What you will do:
Reproduction of part of the material below, pictures omitted: copy exactly, and only, the lines starting with the one with "食パンを両面焼き、片面にポモ" and going on through the one with "I didn’t see".

Available data:
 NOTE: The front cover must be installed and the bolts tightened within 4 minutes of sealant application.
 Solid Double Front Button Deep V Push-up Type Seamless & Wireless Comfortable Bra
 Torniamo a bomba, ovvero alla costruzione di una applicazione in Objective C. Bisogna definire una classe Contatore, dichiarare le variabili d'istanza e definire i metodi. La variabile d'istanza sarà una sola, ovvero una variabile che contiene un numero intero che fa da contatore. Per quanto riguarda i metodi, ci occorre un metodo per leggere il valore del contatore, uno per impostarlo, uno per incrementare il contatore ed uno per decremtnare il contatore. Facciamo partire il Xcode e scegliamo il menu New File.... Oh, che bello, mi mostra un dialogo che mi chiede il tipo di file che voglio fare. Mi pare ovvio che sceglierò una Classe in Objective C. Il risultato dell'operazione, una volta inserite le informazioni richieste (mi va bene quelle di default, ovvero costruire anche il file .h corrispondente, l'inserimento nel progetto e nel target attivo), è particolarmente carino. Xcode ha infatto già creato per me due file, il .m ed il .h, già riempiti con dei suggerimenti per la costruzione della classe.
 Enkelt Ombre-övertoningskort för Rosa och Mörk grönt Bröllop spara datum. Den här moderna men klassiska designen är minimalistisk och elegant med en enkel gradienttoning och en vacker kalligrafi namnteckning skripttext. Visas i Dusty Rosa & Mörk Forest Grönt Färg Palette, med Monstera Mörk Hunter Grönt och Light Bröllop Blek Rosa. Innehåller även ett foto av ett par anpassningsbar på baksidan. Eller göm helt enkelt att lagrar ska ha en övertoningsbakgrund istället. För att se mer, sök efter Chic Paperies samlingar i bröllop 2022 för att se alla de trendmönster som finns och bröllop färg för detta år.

--

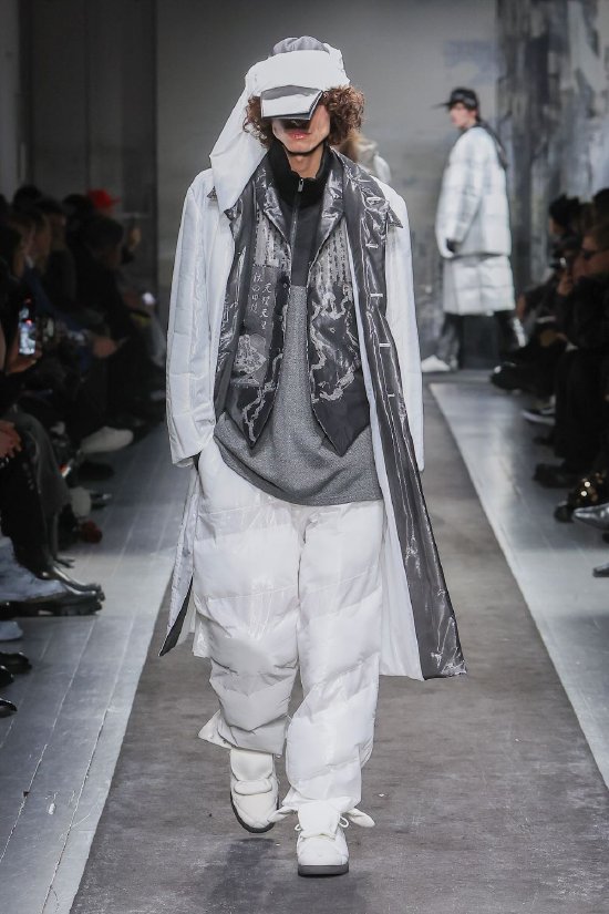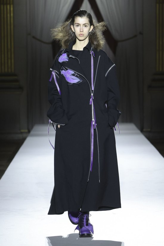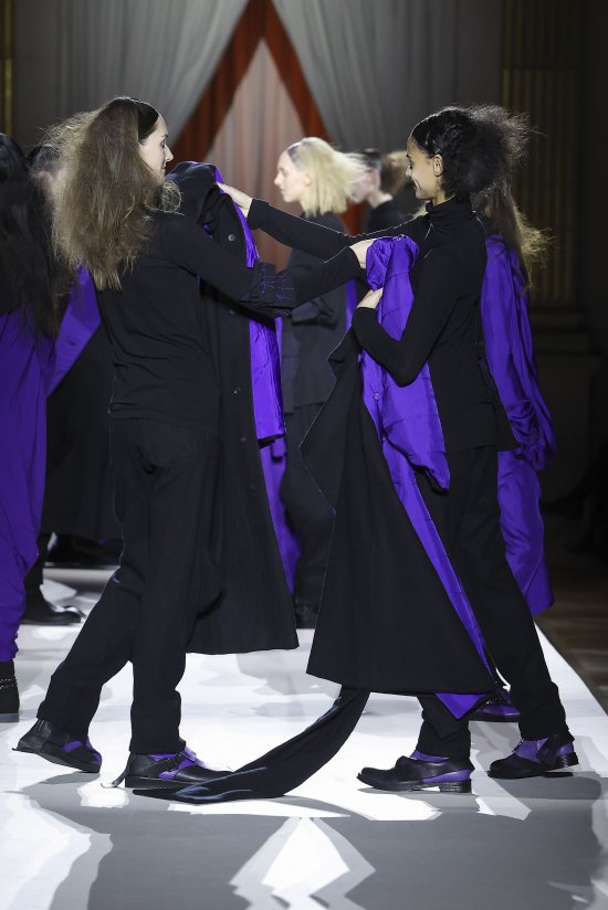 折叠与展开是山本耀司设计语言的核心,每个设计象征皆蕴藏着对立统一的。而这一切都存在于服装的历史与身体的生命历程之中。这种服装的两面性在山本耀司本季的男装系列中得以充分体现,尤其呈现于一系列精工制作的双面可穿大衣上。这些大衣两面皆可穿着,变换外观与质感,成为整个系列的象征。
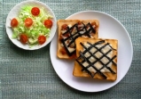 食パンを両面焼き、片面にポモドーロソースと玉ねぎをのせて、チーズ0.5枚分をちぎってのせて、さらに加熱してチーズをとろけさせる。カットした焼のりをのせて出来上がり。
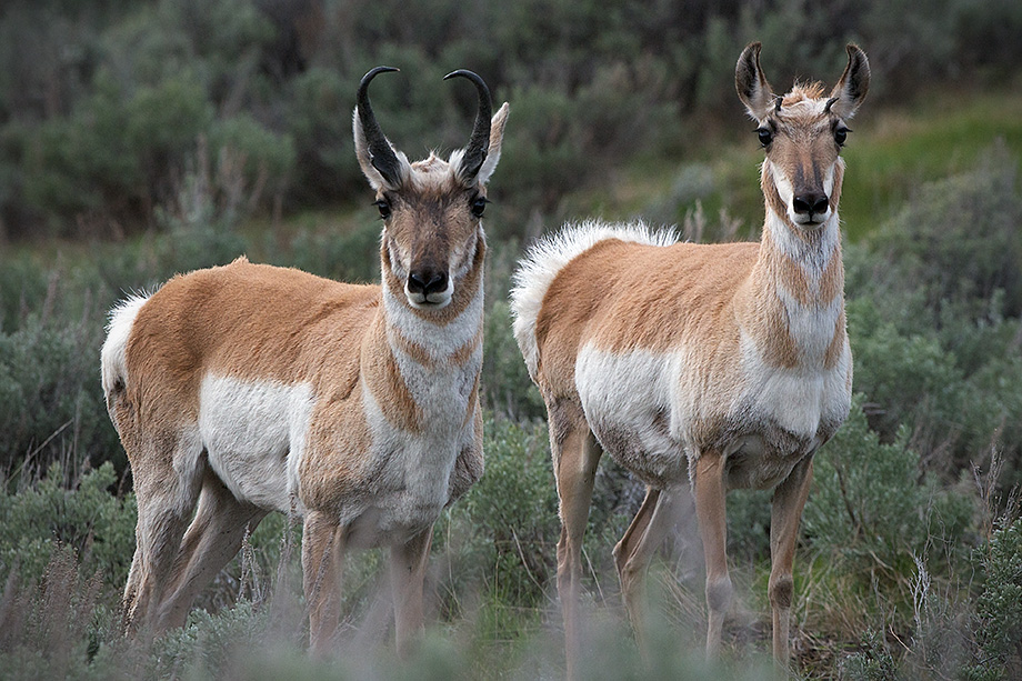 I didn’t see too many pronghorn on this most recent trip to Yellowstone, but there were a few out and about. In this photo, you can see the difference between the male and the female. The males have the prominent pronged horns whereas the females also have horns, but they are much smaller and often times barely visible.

Task answer:
 食パンを両面焼き、片面にポモドーロソースと玉ねぎをのせて、チーズ0.5枚分をちぎってのせて、さらに加熱してチーズをとろけさせる。カットした焼のりをのせて出来上がり。
 I didn’t see too many pronghorn on this most recent trip to Yellowstone, but there were a few out and about. In this photo, you can see the difference between the male and the female. The males have the prominent pronged horns whereas the females also have horns, but they are much smaller and often times barely visible.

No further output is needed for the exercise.